REQUIRED ACTION:
Whatever lies between the line with "2012 HONDA CIVIC" and the end of the data, both included, must be copied exactly and without pictures.

━━━━━ RECORDS FOR THE EXERCISE ━━━━━

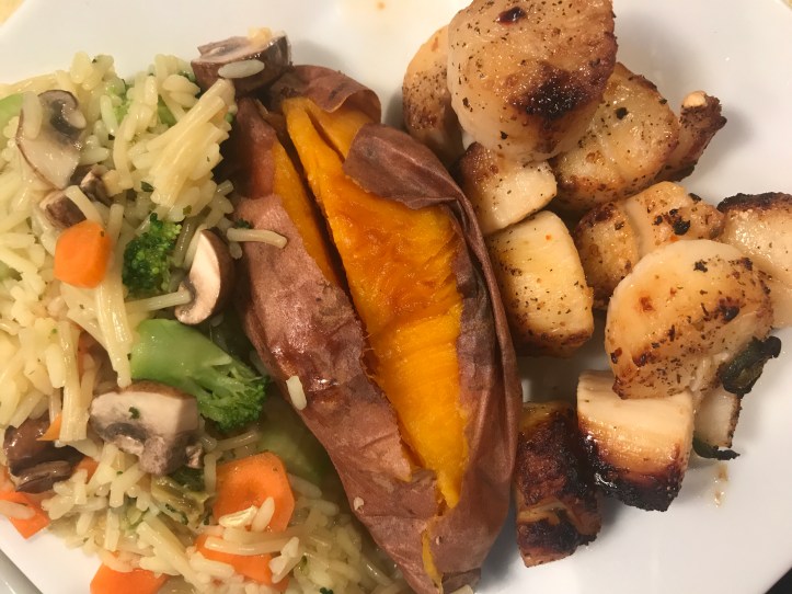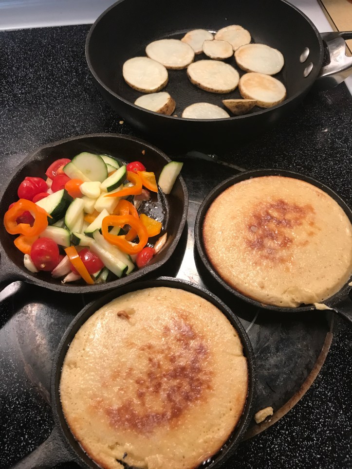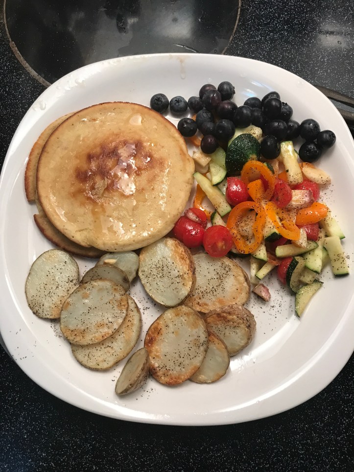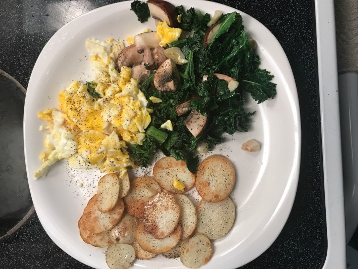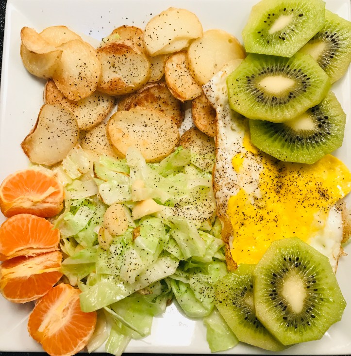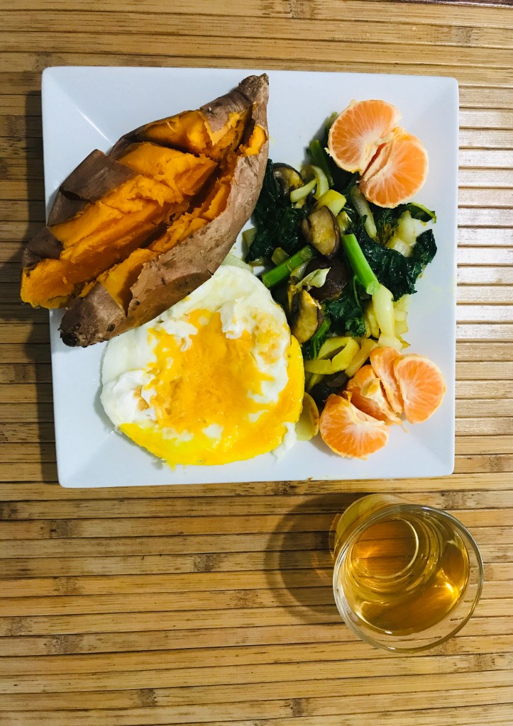 - Some carbohydrates: baked or pan-fried potatoes or sweet potatoes or porridge or cooked rice
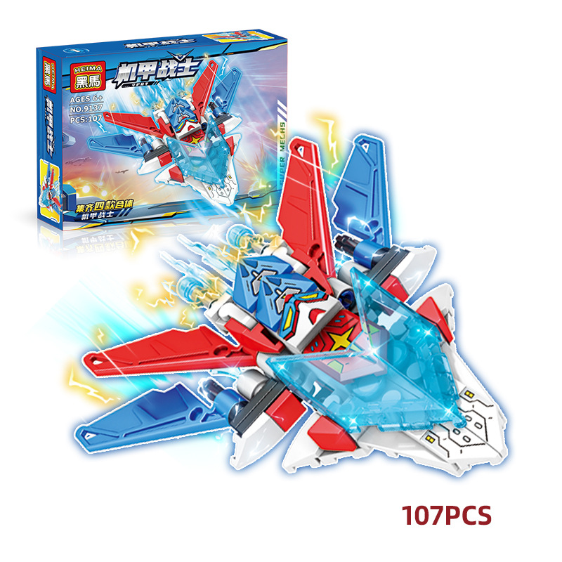 검은 말 블록 어린이 교육용 조립 메카 전사 세트 장난감 소년 선물 레고와 호환
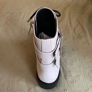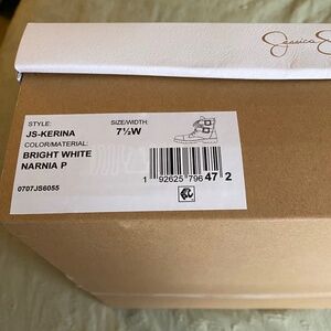 Jessica Simpson Kerina bright white boots. Silver hardware. Brand new, in box. Never worn. Size 7 1/2 W. Very cute.
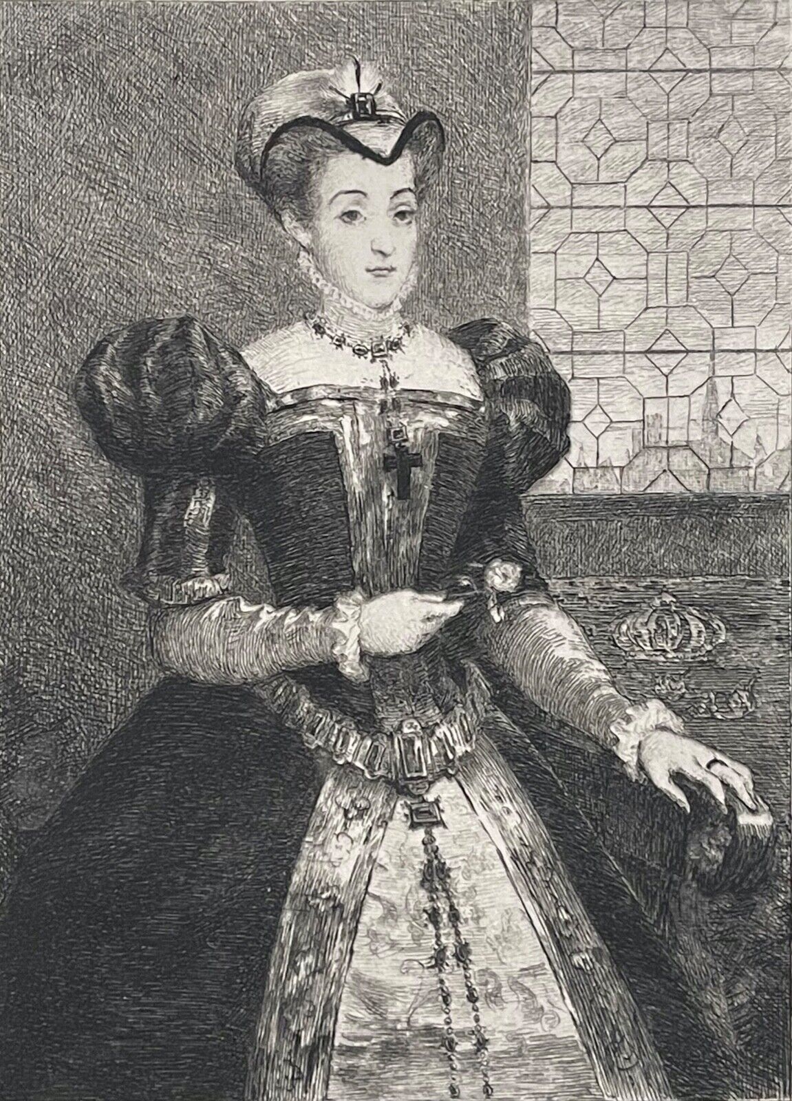 Artculture6 vous propose cette gravure en pointe sèche du XIXe siècle, vers 1870, représentant Marie Stuart ou Marie 1er d'Écosse, fille de Jacques V et de Marie de Guise née au Palais se Linlithgow (Écosse) le 8 décembre 1542, reine d'Écosse du 14 décembre 1542 au 24 juillet 1567, mariée à François II de France elle fut reine de France du 10 juillet 1559 au 5 décembre 1560. Elle meurt exécutée sur l'ordre de la reine Élisabeth 1er le 8 février 1587 au Château de Fotheringhay Angleterre. Dimensions de la feuille: 30,2 cm par 24,7 cm. La gravure seule fait : 25 cm par 19,5 cm. Dimensions de la feuille: 19,9 cm x 14,3 cm Dimensions de la gravure seule: 14,8 cm x 10,8 cm . Superbe.
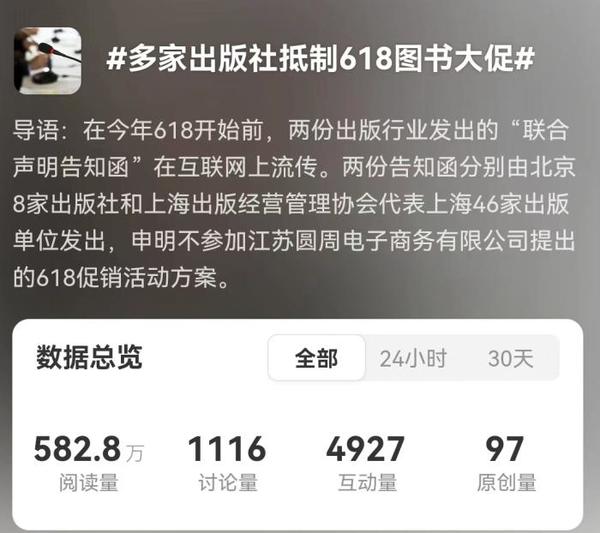 日前,兩份來(lái)自出版行業(yè)的“聯(lián)合聲明告知函”在網(wǎng)上流傳,引發(fā)大范圍討論,并最終成為一個(gè)焦點(diǎn)話題,“多家出版社抵制618圖書(shū)大促”。
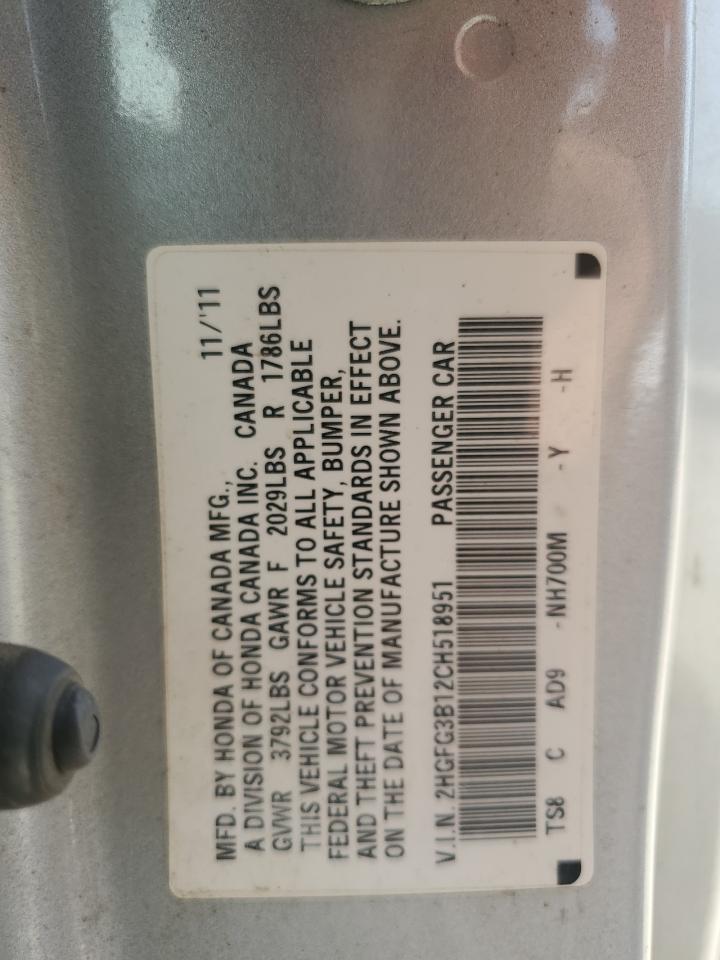 2012 HONDA CIVIC - 2HGFG3B12CH518951, цвет - Серебряный, 1.8, Бензин, из США
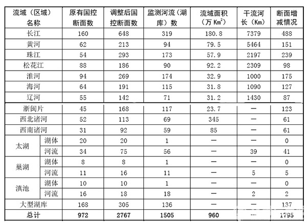 國控地表水環(huán)境質(zhì)量監(jiān)測(cè)網(wǎng)點(diǎn)位分布情況表
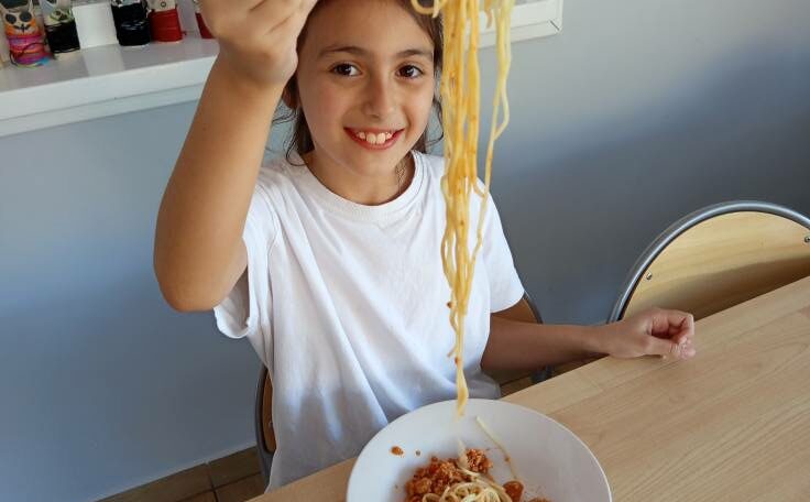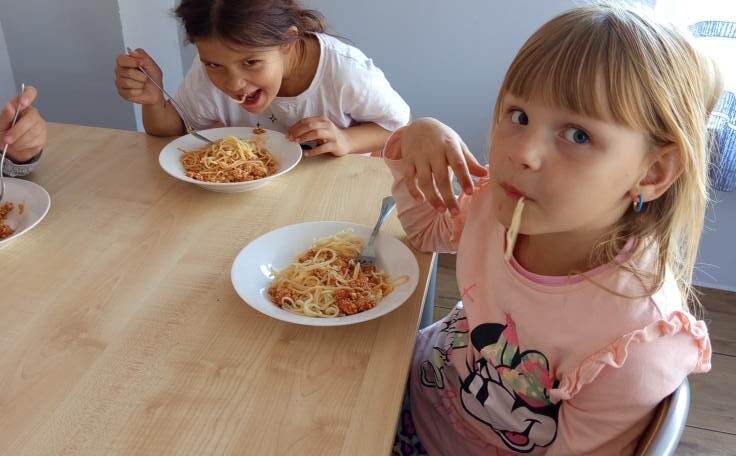 U nas w świetlicy wszyscy lubią makaronowe nitki z sosem pomidorowym.
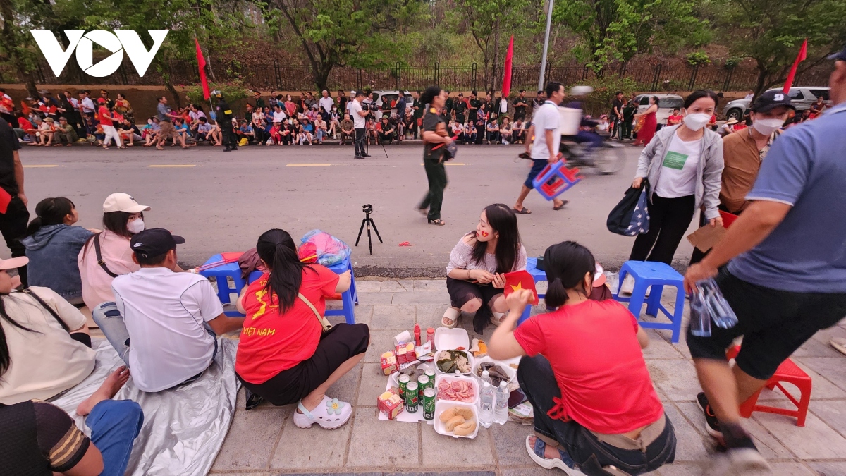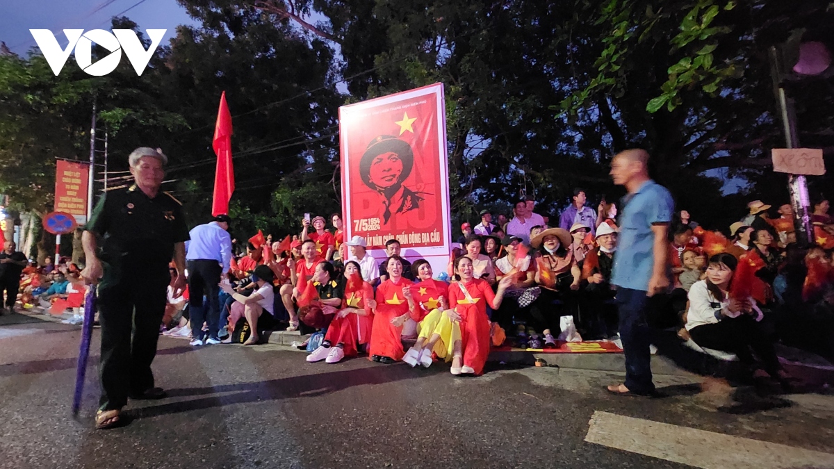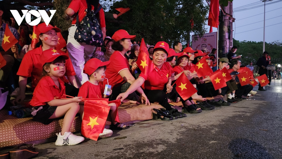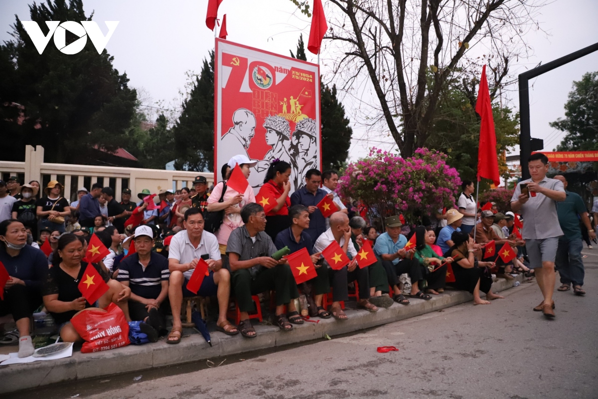 Bà con ngồi chật kín nhiều tuyến phố nơi có đoàn diễu binh, diễu hành mừng 70 năm Chiến thắng Điện Biên Phủ đi qua từ tờ mờ sáng. |

━━━━━

OUTPUT BELOW:
 2012 HONDA CIVIC - 2HGFG3B12CH518951, цвет - Серебряный, 1.8, Бензин, из США
 國控地表水環(huán)境質(zhì)量監(jiān)測(cè)網(wǎng)點(diǎn)位分布情況表
 U nas w świetlicy wszyscy lubią makaronowe nitki z sosem pomidorowym.
 Bà con ngồi chật kín nhiều tuyến phố nơi có đoàn diễu binh, diễu hành mừng 70 năm Chiến thắng Điện Biên Phủ đi qua từ tờ mờ sáng. |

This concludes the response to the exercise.